A genetic test examines the DNA (deoxyribonucleic acid) of a person's cells. Genetic testing can identify changes in genes or can analyze the number, arrangement, and characteristics of the chromosomes. Testing may be performed on samples of blood, semen, urine, saliva, stool, body tissues, bone, or hair.
You inherit half of your genetic information from your mother and the other half from your father. Genes, alone or in combination, determine what features (genetic traits) a person inherits from his or her parents, such as blood type, hair color, eye color, and other characteristics, including risks for certain diseases. Certain changes in genes or chromosomes may cause medical problems.
Why It Is Done
A genetic test is done to:
- Find out if people who have a family history of a specific disease are likely to pass that disease on to their children (carrier identification). Information obtained from this type of testing can help guide a couple as they make decisions regarding pregnancy.
- Find out if a fetus has a disorder such as Down syndrome (prenatal testing). Information obtained from this type of testing can help guide a couple as they make decisions regarding pregnancy.
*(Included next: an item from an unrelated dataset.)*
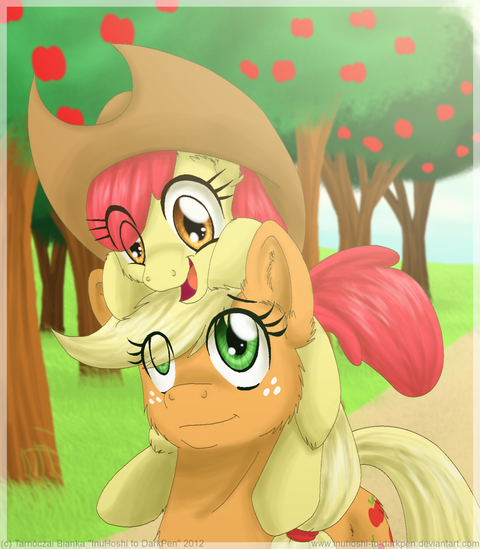 Drawing I have made for K4nK4n based on his own piece Simpler Times , picturing his ponysona Applestack with little filly Applejack. Hope I didn't messed up too much, actually feel very unconfident about these color and light and especially background.K4nK4n made a first comment I recieved on Deviantart. May be it's not a big thing, but I think it should be rewarded somehow.
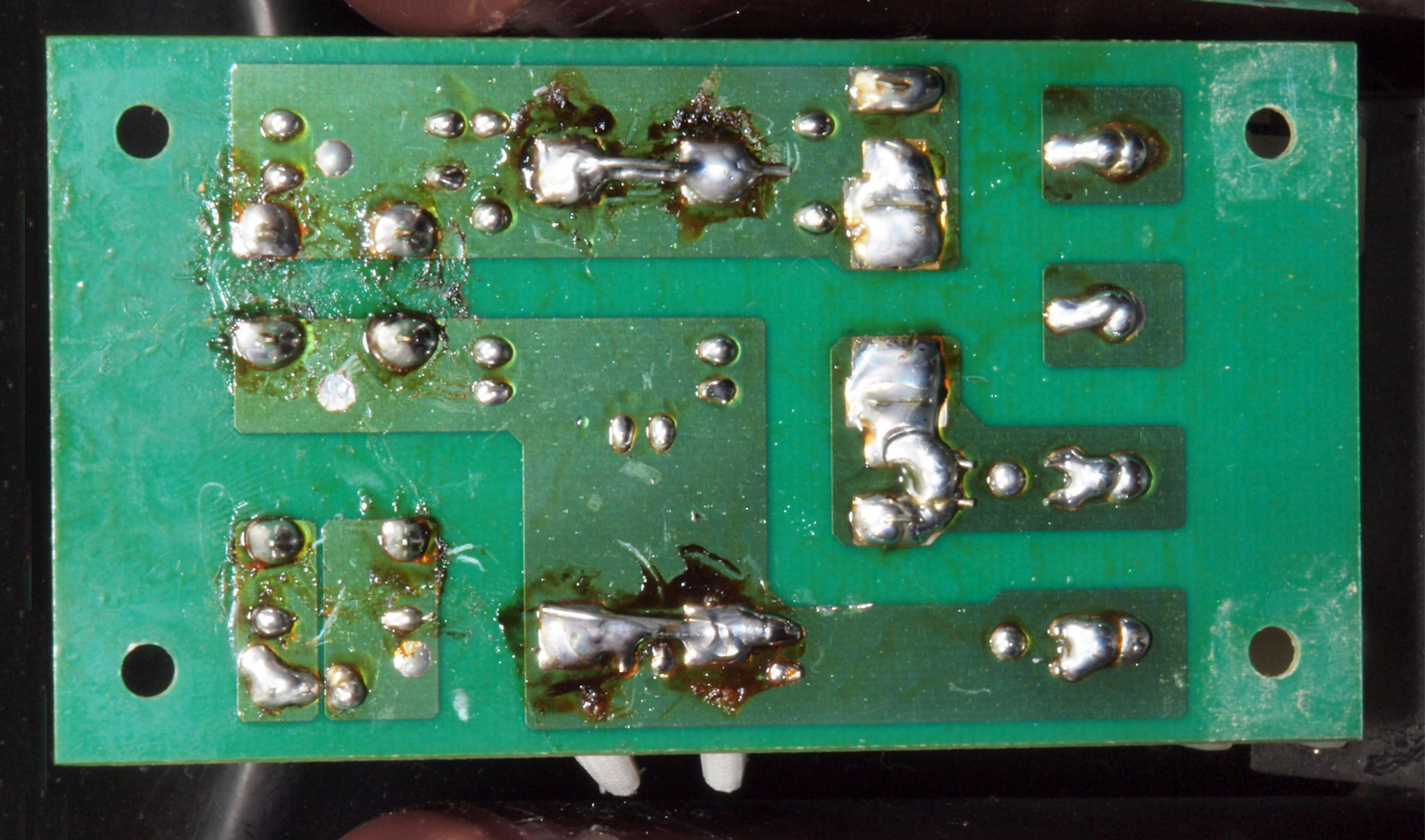 | CF5. 修理前 突入電源抑制回路基板裏。 抵抗とリレーが交換してあるが汚い半田付け! | ||||||||||||||||||||||||||||||||||||||||||||||

- Check for various metabolic diseases, such as phenylketonuria (PKU) (newborn screening). Information obtained from newborn screening can help guide medical treatment to ensure the best possible outcome for the baby.
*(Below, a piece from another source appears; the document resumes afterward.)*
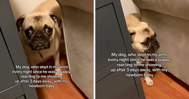 Gus nije mogao sakriti osjećaje, njegova zbunjenost i povrijeđenost bili su gotovo opipljivi. Iako je riječ o dolasku novog člana obitelji, mops je to doživio kao čin izdaje. U viralnom videu koji je vlasnica podijelila prije četiri dana, Gus ju je promatrao kao da je potpuno zaboravio sve zajedničke trenutke koje su dijelili otkad je bio štene. Umjesto uobičajenog mahanja repom i veselog skakanja, razočarani mops se sakrio iza kauča.
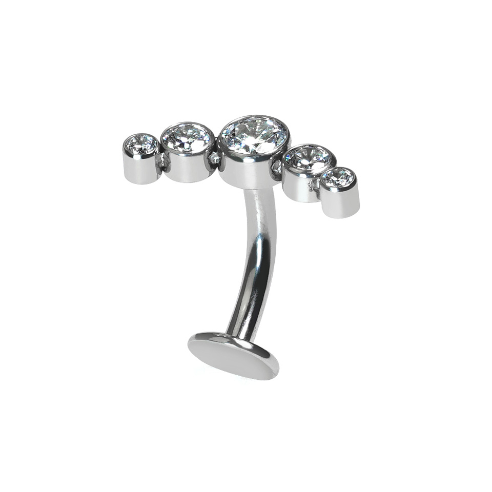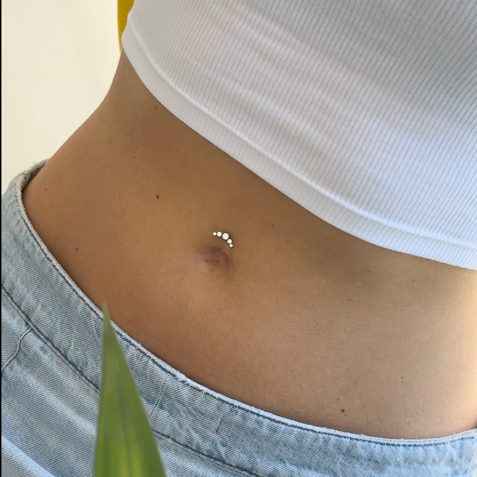 Questa barra per ombelico reverse presenta cinque bellissimi cristalli incastonati. Realizzata in titanio, è ipoallergenica e waterproof. Il gioiello è dotato di un meccanismo di chiusura push-in, il che significa che per fissarlo al piercing è sufficiente piegare lievemente il pin e inserilo nell'asta.

- Check to see if you carry a genetic change that increases your risk for a disease, such as breast cancer or Huntington's disease, later in life (late-onset disease testing). This might be important to you if you have a parent or other relative diagnosed with the disease. Information obtained from this type of testing can help you make decisions about disease prevention or future childbearing.
- Help diagnose hypertrophic cardiomyopathy (HCM) or screen for HCM in close relatives of a person who has the disease.
- Check for genetic changes that may affect your treatment for diseases such as HIV or some cancers.
- Check for a genetic change that may affect how a medicine, such as clopidogrel, will work.